Records contained in a dataset
----
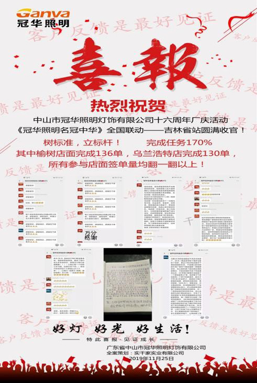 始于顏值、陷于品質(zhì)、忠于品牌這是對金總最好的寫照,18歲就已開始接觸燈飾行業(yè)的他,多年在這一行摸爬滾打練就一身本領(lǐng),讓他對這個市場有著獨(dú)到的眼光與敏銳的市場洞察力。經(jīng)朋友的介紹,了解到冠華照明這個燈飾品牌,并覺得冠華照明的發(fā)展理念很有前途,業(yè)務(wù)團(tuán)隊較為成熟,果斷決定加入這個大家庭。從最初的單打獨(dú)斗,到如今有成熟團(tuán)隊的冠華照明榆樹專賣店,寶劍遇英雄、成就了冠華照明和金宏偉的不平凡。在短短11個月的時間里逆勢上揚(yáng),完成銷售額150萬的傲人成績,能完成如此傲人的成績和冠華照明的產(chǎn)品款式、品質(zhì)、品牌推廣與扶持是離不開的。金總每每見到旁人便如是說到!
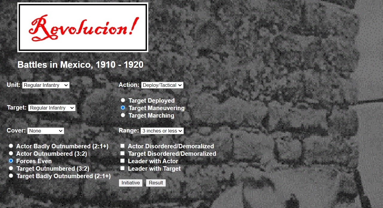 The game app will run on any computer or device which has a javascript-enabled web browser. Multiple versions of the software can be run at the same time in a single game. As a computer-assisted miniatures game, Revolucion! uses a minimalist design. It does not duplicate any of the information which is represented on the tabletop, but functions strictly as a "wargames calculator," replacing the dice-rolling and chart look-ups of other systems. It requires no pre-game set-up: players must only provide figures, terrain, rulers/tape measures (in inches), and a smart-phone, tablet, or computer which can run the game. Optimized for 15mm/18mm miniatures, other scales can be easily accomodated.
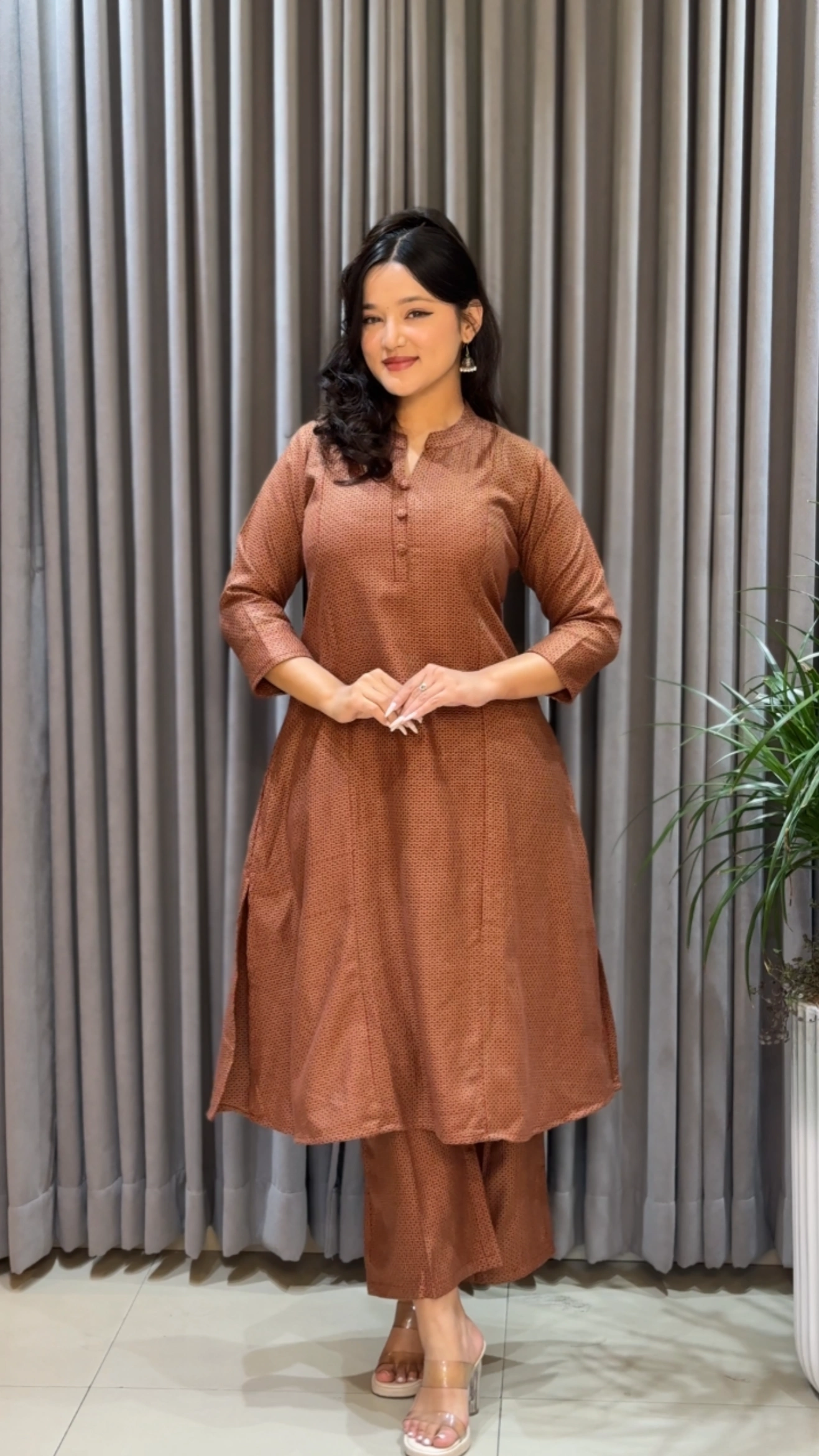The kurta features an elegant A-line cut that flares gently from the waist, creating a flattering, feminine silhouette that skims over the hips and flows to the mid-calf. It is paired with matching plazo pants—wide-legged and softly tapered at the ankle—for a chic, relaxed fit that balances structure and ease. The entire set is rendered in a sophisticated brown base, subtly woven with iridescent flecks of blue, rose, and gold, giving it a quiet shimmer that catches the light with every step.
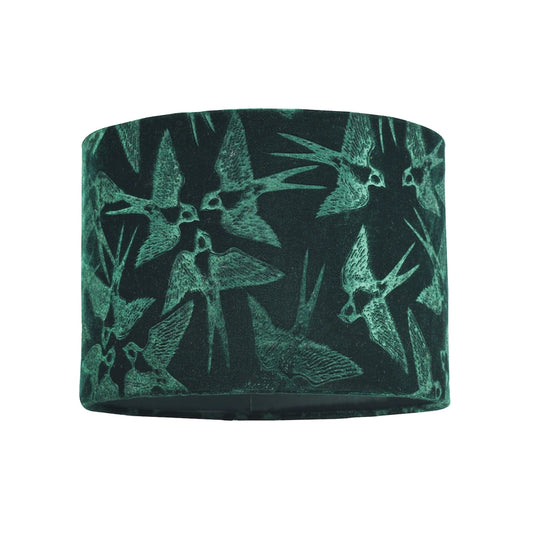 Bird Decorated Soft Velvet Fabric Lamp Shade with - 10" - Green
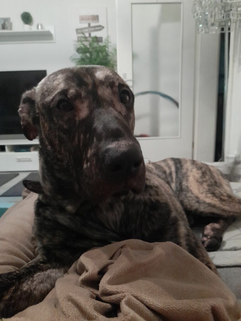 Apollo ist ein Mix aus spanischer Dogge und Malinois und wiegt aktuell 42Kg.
----
A word-for-word copy is needed of the lines from the line with "The game app" through the last line of the entries above, with both ends kept and the pictures dropped.

_EXPECTED ANSWER_
 The game app will run on any computer or device which has a javascript-enabled web browser. Multiple versions of the software can be run at the same time in a single game. As a computer-assisted miniatures game, Revolucion! uses a minimalist design. It does not duplicate any of the information which is represented on the tabletop, but functions strictly as a "wargames calculator," replacing the dice-rolling and chart look-ups of other systems. It requires no pre-game set-up: players must only provide figures, terrain, rulers/tape measures (in inches), and a smart-phone, tablet, or computer which can run the game. Optimized for 15mm/18mm miniatures, other scales can be easily accomodated.
The kurta features an elegant A-line cut that flares gently from the waist, creating a flattering, feminine silhouette that skims over the hips and flows to the mid-calf. It is paired with matching plazo pants—wide-legged and softly tapered at the ankle—for a chic, relaxed fit that balances structure and ease. The entire set is rendered in a sophisticated brown base, subtly woven with iridescent flecks of blue, rose, and gold, giving it a quiet shimmer that catches the light with every step.
 Bird Decorated Soft Velvet Fabric Lamp Shade with - 10" - Green
 Apollo ist ein Mix aus spanischer Dogge und Malinois und wiegt aktuell 42Kg.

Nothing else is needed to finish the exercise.